*** Opening of The data ***
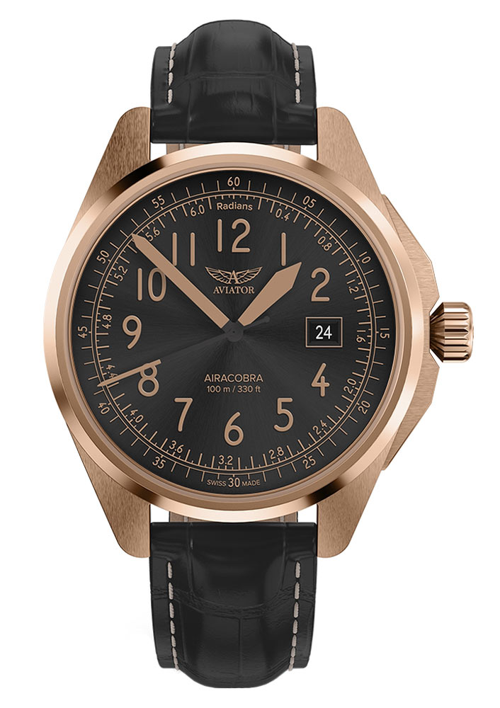 Zegarek Aviator Airacobra 43 Type B V13823234 to kwintesencja funkcjonalności i stylu, co widać w każdym szczególe. Czarny cyferblat w stylu lotniczym ze skalą radianową dodaje charakteru, podczas gdy wskazówki i indeksy pokryte luminescencją Super-LumiNova® swiss made gwarantują czytelność o każdej porze. Skala radianowa na tarczy ze szlifem słonecznym może być przydatna do pomiaru czasu w jednostkach kątowych. Datownik na godzinie trzeciej ułatwia śledzenie daty, dodając funkcjonalności. Całość osłania odporne na zarysowania szkło szafirowe z powłoką antyrefleksyjną, zapewniając klarowność nawet w trudnych warunkach oświetleniowych.
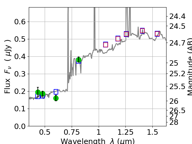 Best viewed in a wide browser window (1200 pixels or more). Download SED & P(z) plots to view larger versions.
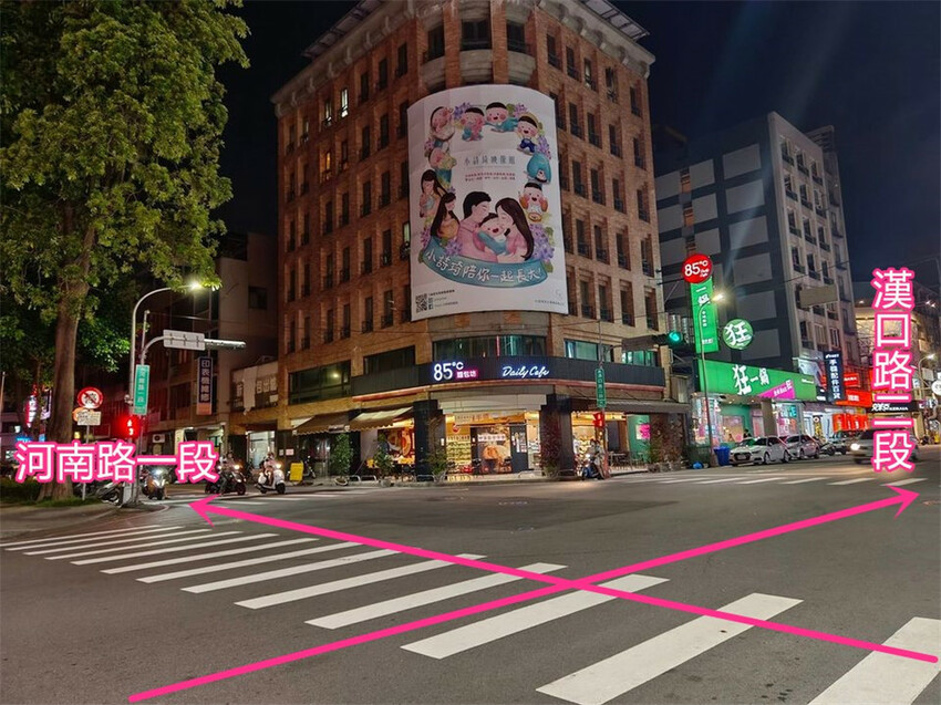 狂一鍋漢口店就在漢口路二段和河南路一段的路口,旁邊還有一家85度C
*** Close of The data ***
## [Exercise requirements]
Print the stretch of the data from the line with "Best viewed in" through its last line, exactly and with both ends kept. Omit pictures.

## [Exercise output]
 Best viewed in a wide browser window (1200 pixels or more). Download SED & P(z) plots to view larger versions.
 狂一鍋漢口店就在漢口路二段和河南路一段的路口,旁邊還有一家85度C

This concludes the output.